Has been in the HPC industry for the past 16 years. Has been actively involved in Parallel application development on variety of massively parallel super computers and Shared memory supercomputers.
His another area of specialization include Data management. As an IT specialist , he has architected enterprise data management solutions for major banks and Telcos in India.
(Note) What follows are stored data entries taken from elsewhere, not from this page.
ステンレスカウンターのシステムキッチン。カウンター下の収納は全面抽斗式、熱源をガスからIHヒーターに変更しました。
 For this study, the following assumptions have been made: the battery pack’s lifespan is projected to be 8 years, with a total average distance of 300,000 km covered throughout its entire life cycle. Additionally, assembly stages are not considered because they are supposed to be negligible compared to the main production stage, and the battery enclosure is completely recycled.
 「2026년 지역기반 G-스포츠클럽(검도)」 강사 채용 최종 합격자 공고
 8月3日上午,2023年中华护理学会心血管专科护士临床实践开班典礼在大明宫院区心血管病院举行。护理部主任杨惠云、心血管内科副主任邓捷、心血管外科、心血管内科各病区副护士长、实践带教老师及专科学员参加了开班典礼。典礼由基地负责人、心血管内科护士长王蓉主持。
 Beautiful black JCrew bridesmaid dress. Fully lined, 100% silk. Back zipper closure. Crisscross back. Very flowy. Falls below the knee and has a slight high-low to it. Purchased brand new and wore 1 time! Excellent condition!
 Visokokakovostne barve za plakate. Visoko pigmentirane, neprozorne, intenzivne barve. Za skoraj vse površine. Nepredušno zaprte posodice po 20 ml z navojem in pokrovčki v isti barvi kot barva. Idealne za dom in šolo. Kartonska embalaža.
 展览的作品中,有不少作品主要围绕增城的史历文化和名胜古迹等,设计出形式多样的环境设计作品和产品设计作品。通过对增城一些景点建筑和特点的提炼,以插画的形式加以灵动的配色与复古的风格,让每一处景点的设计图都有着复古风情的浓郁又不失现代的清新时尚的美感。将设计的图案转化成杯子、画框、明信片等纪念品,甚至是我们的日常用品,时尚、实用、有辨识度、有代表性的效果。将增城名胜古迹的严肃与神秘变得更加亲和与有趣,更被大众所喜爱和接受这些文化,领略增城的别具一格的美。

He is a regular speaker in technology forums in the areas of Grid, HPC and Data management.


EU-IndiaGrid Presentation

Speaker: Shri P Dhekne

Abstract
The EU-IndiaGrid project, funded by the European Commission under the Research Infrastructures Programme, aims to make available a common, interoperable Grid infrastructure to the European and Indian Scientific Community, in order to support existing EU-Indian collaborations in eScience and promoting new ones.
The major objectives of EU-IndiaGrid can be summarized as follows:
- To offer an effective answer to the demanding computing needs of several common EU-India research projects, supporting the interconnection and interoperability of EGEE with the Indian Grid infrastructure for the benefit of eScience applications;
- To identify and aggregate actual and potential user communities for the newly implemented common infrastructure and promote its use through a specific outreach and dissemination programme;
- To develop synergies between scientific research and industrial communities, in order to foster the deployment of grid techniques in research and industrial applications within the Indian subcontinent.
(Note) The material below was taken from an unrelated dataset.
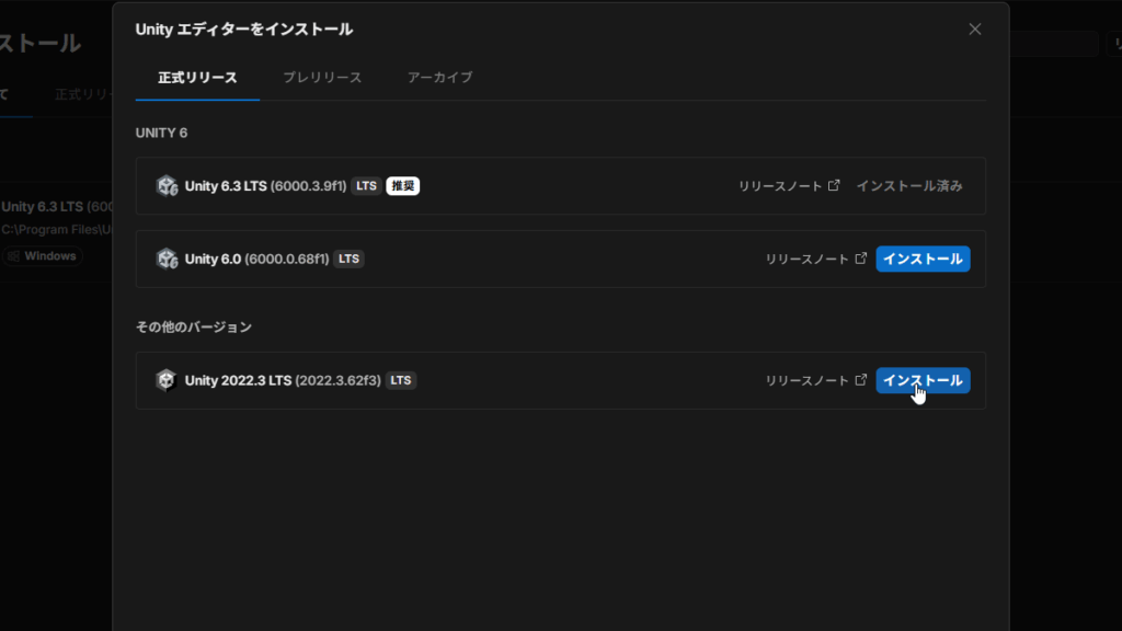 一覧から「Unity 2022.3 LTS」の「インストール」をクリックします。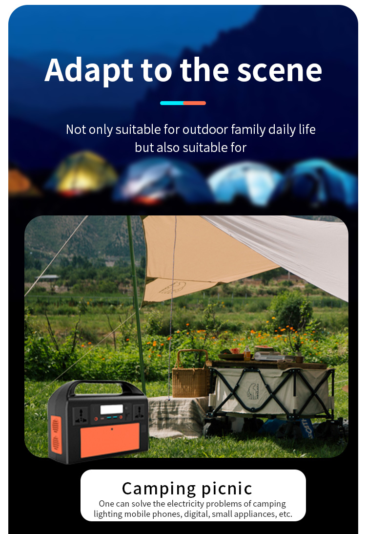 The market potential of outdoor power supply is huge: consumers include outdoor, camping, fishing enthusiasts, RV travelers, and self-driving tourists. There is no municipal power supply for mobile phones, computers, rice cookers, refrigerators, hot water kettles, fans, and other small household appliances. Long-term outdoor work requires stability, adequate power supply, and professional camera team. Outdoor live broadcast team, etc. It is necessary to provide power supply for cameras, lights, tracks, monitors, computers and other specialties in a timely manner. In addition, outdoor power supply is required for outdoor inspection by the Ministry of Electric Power, emergency repair of electric power, small and micro medical first aid instruments and geological disaster rescue devices. Compared with the traditional fuel generator, the outdoor power supply has the advantages of low noise, light weight, portability, high safety and low pollution. Scope of application Our products i…

As of September 2007, after just one year of activity, the project has already taken significant steps towards supporting the interconnection and interoperability of the major European and Indian Grid infrastructures. Key achievements include:
- Setting up a test-bed for the benefit of EU-India Grid applications and mobilising a hardware infrastructure of about 1200 core processors and 50 TB of disk for the benefit of EU-India Grid applications.
- Creating the conditions for the access to a high speed (1 Gb/s) EU-India intercontinental link for the EU-IndiaGrid research Community thanks to the support of Government of India Department of Atomic Energy.
- Providing Indian researchers with access to the intercontinental Grid Infrastructure, using a temporary Certification Authority through cooperation with Academia Sinica Taiwan (EGEE partner and Regional Operation Centre for Asia)
- Taking concrete steps towards an internationally recognised Indian Certification Authority with C-DAC, spearhead of the GARUDA Indian National Grid Initiative, acting as the selected institution.
- Building a Networked Community of over 450 members from more than 300 individual organisations with very highly qualified players from academic and research institutions, government agencies and commercial organisations.
Transferring knowledge of Grid tools to researchers and scientists, allowing them to use more advanced computing tools and to port applications onto the Grid. Three EU-IndiaGrid Workshops were successfully held in Bangalore, Mumbai and Pune, combining Training Tutorials and Networking Sessions. An additional training event dedicated to gLite site managers was organised in Kolkata. The Conference in Bangalore in December 2007, organised in cooperation with the 3rd IEEE Conference on e-science and grid computing, marks another key networking end knowledge-sharing event for the project.